November 27, 2024

COVID was the worst, but it also gave us the Halloween candy chute | Theodore Decker

Halloween #Halloween

I was putting the finishing touches on my Halloween display when a neighbor from up the street posed a question that I already had been asking myself, one that even at this late date I still do not have an answer to.

“You breaking out the chute again this year?”

Trick or treat:Here’s when trick-or-treating is planned around Greater Columbus this Halloween season

I am fortunate, I concede, to lead the largely comfortable life that allows me to contemplate such goofy questions for entirely too long.

But I can turn almost anything into an existential dilemma. Just ask my psychologist.

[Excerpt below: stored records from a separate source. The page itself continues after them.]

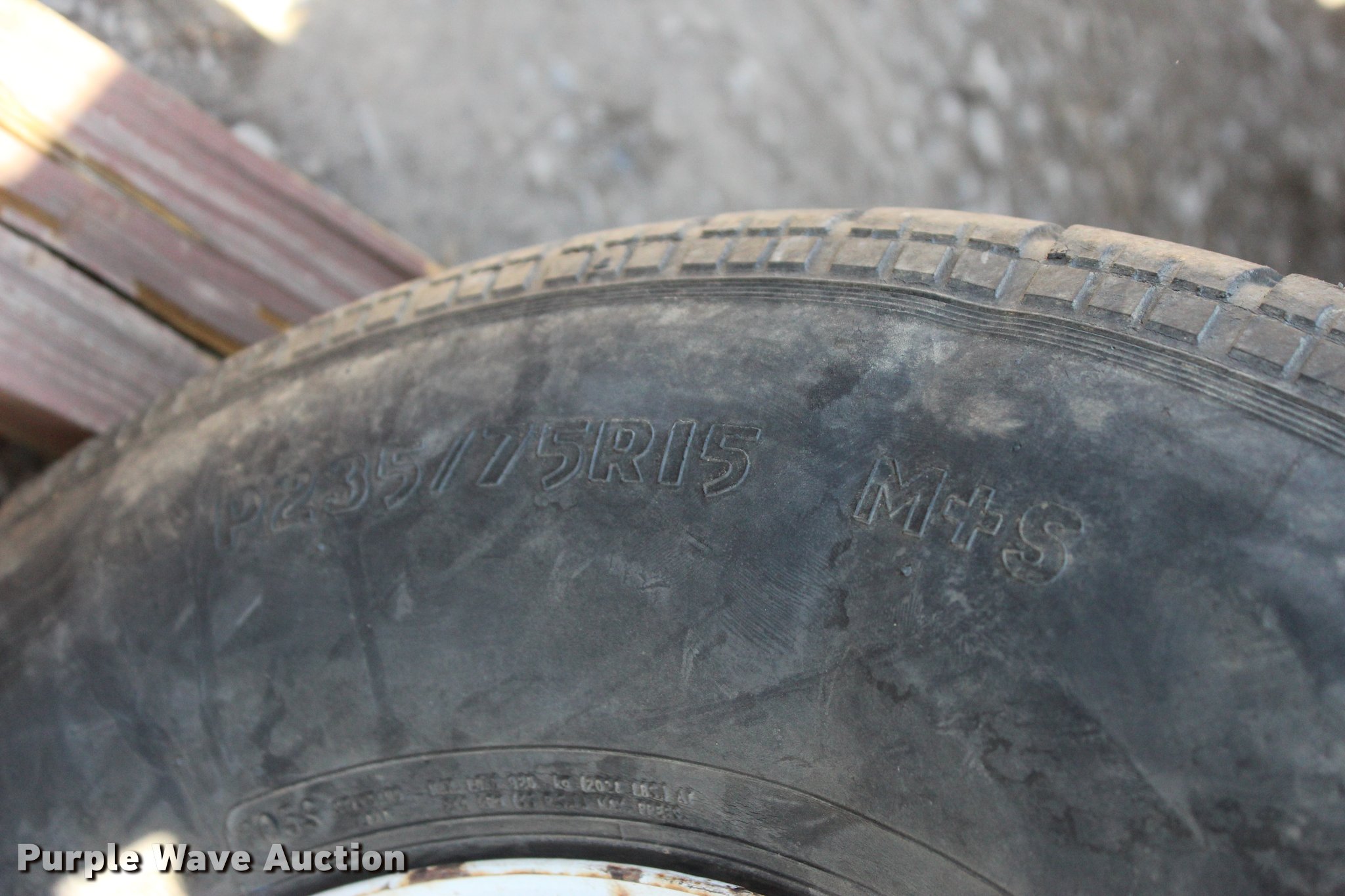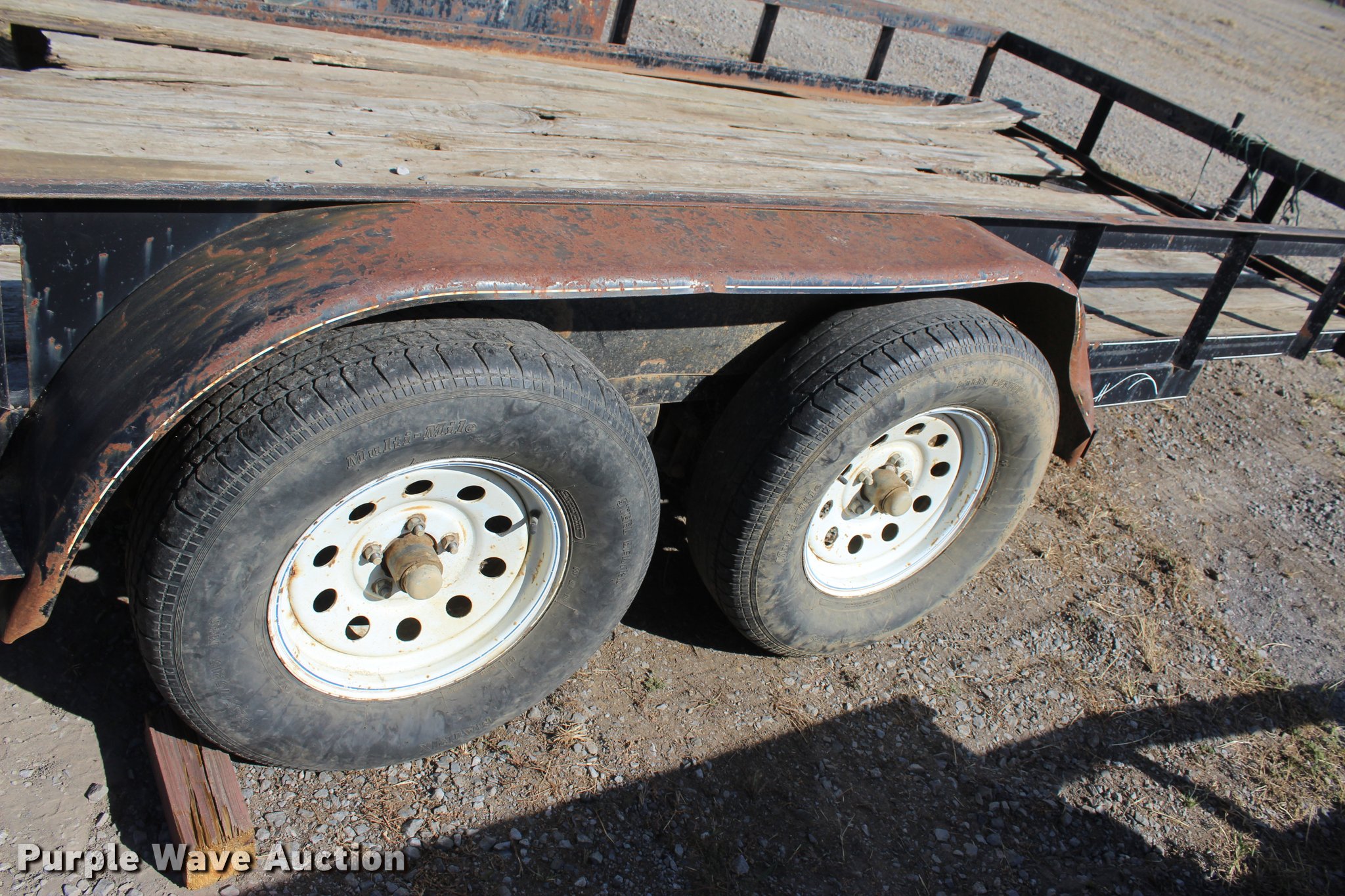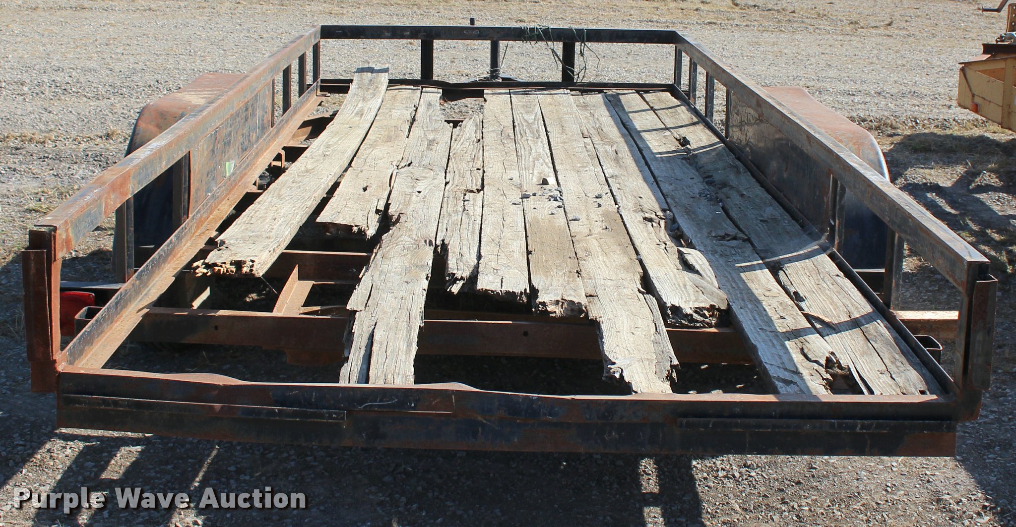 Purple Wave is selling a used Equip. Trailer in Oklahoma. This item is a Shop built equipment trailer with the following: 19'9" overall length, 16'L x 80"W deck, Wood deck, Stake side pockets, Single leg landing gear, Tandem axle, Spring suspension, P235/75R15 tires, Deck damaged
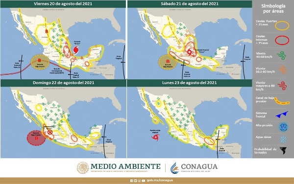Durante el sábado el ciclón tropical Grace, recorrerá el centro del país debilitándose gradualmente, se pronostica que interactúe con la Onda Tropical No. 22, la cual recorrerá el occidente del territorio nacional y una zona de baja presión con probabilidad para desarrollo ciclónico frente a las costas de Colima y Jalisco, ocasionarán lluvias fuertes a puntuales intensas sobre entidades del oriente, centro, occidente y sur de México, con lluvias puntuales torrenciales en Guerrero y Michoacán.
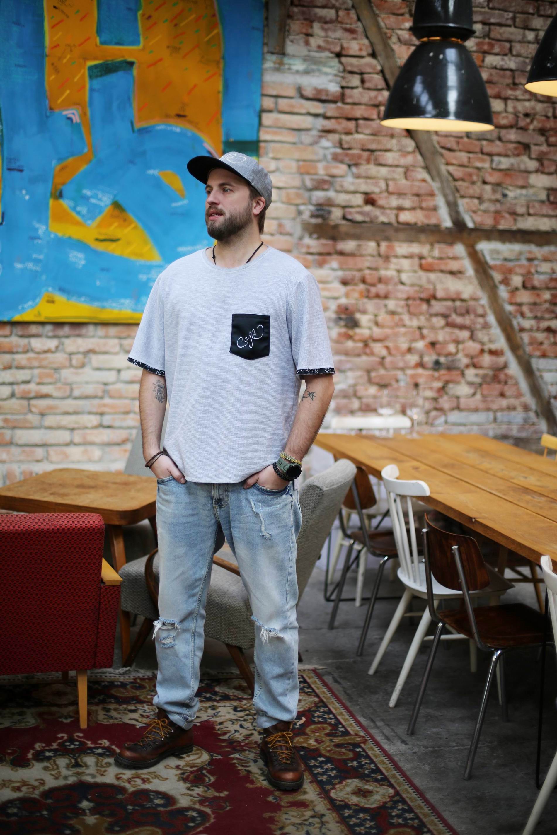 Bavlněné triko doplněné autorským tiskem , originálního střihu a šití. Tričko je z velmi příjemného jemného a přírodního materiálu. Doplňující potisk je černý.
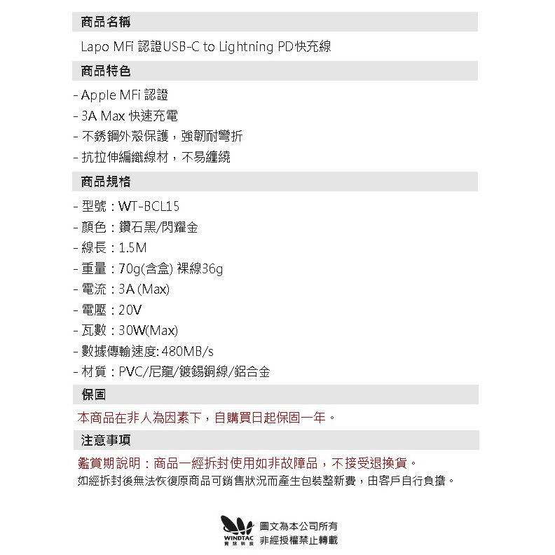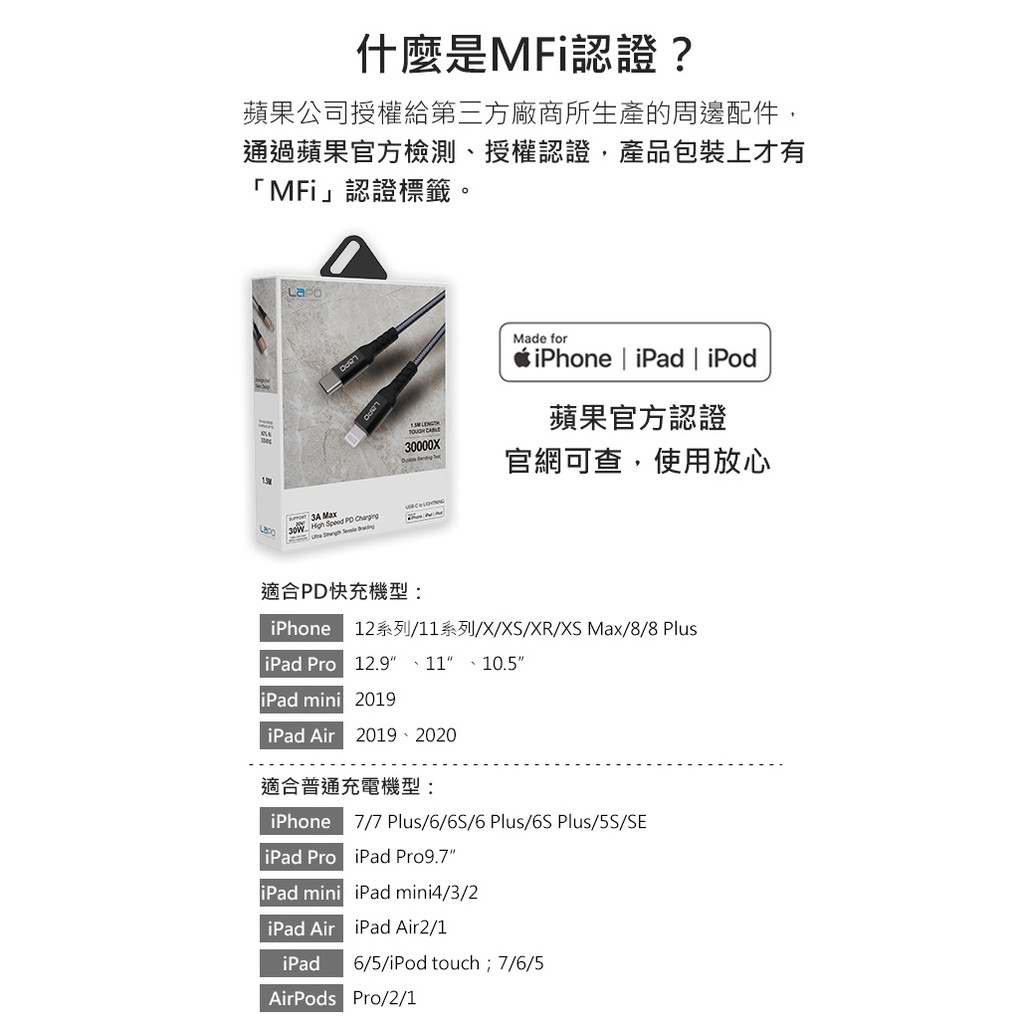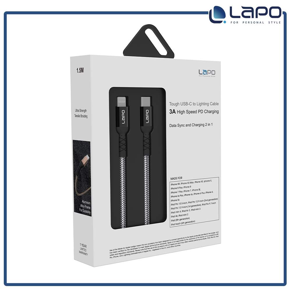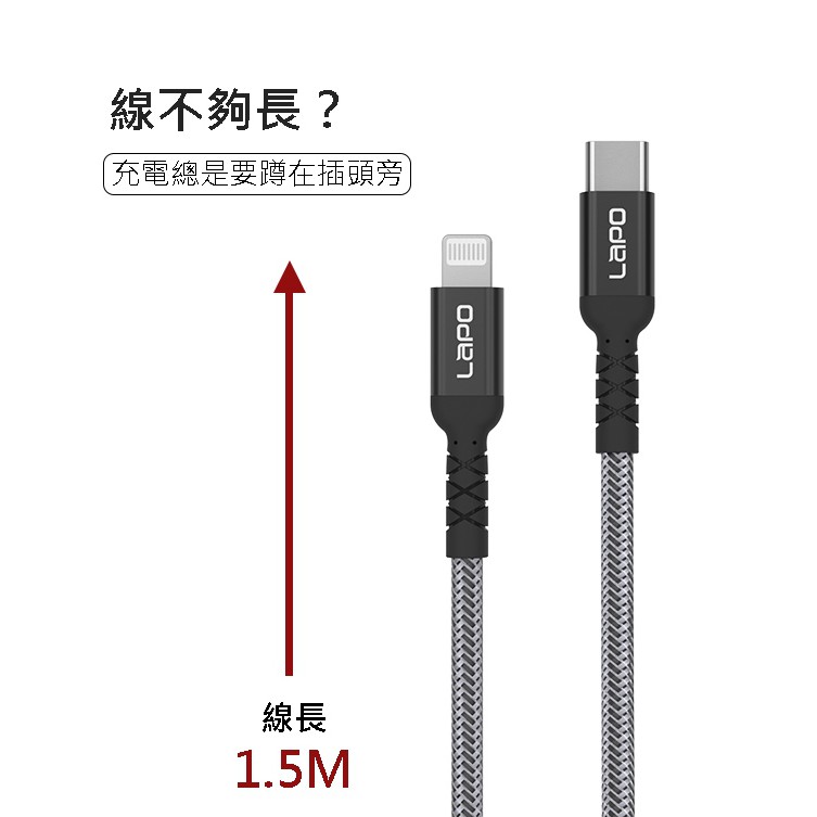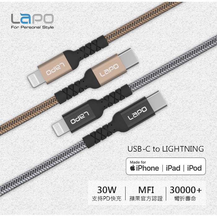 【LaPO】Type-C to Lightning PD MFI充電傳輸線 1.5M MFI認證 快充線黑色|金色Cables, Chargers & ConvertersLaPO 品牌旗艦店
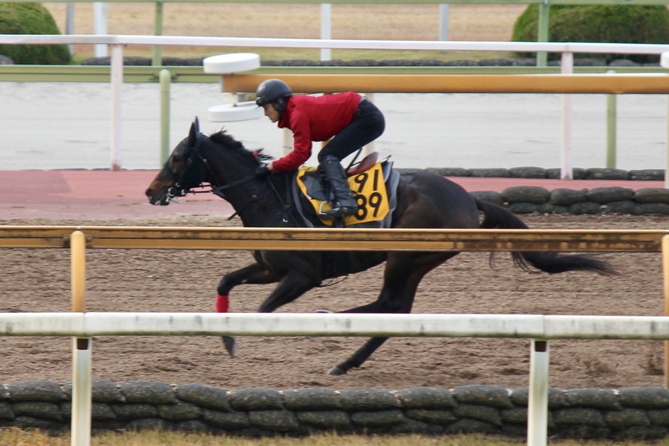 「一時期ペースを落としましたが、それがプラスに働いています。週3日は直線坂路コースで1本乗る日と2本乗る日があり、先日はハロン17秒ペースに戻して、その後は周回コースでのハッキングキャンターでも疲れはみせていませんでした。後肢の踏み込みの良さは変わりませんが、騎乗していて前向きさがありすぎるところがあり、厳冬期は現状のペースを守っていきます。現在の馬体重は442㎏です。」とのコメント。

Columbus Dispatch Metro columnist Theodore Decker © Doral Chenoweth/Columbus Dispatch Columbus Dispatch Metro columnist Theodore Decker

Case in point: the Halloween candy conveyance conundrum.

You have to understand, I’m bonkers for Halloween. For the past few years, once my own kids passed trick-or-treating age, I have sworn to downsize the Halloween decorations. Yet every year they increase.

Since there isn’t much wiggle room in the family budget for store-bought, 12-foot-tall skeletons, many of my decorations are coddled together in a DIY fashion.

Life in the 614 newsletter:Sign up for our weekly newsletter on events taking place in Greater Columbus

Faceless monster Slender Man is a plastic foam mannequin head, dressed in a black suit from the thrift store and white latex cleaning gloves. I built Sam, the creepy little protagonist of homegrown director Michael Dougherty’s fantastic horror film, “Trick ‘r Treat,” from a child’s Halloween onesie, a piece of burlap, some buttons, and one of the kids’ inflatable kickballs.

This year’s addition is the Babadook, the Australian-born boogeyman who will stand in an upstairs window, illuminated by strobe lights and looking dapper in a cheap top hat and my dad’s 1950s wool overcoat.

Hauling all this junk out every year, admittedly, can be tiresome. So can my grumbling in the weeks leading up to Halloween, as I watch the fall winds methodically and repeatedly dismantle the corn shocks that I have carefully staked throughout the front yard.

Scares galore:13 haunted attractions in Greater Columbus and beyond will send shivers down your spine

The candy chute also was DIY, born out of necessity in 2020.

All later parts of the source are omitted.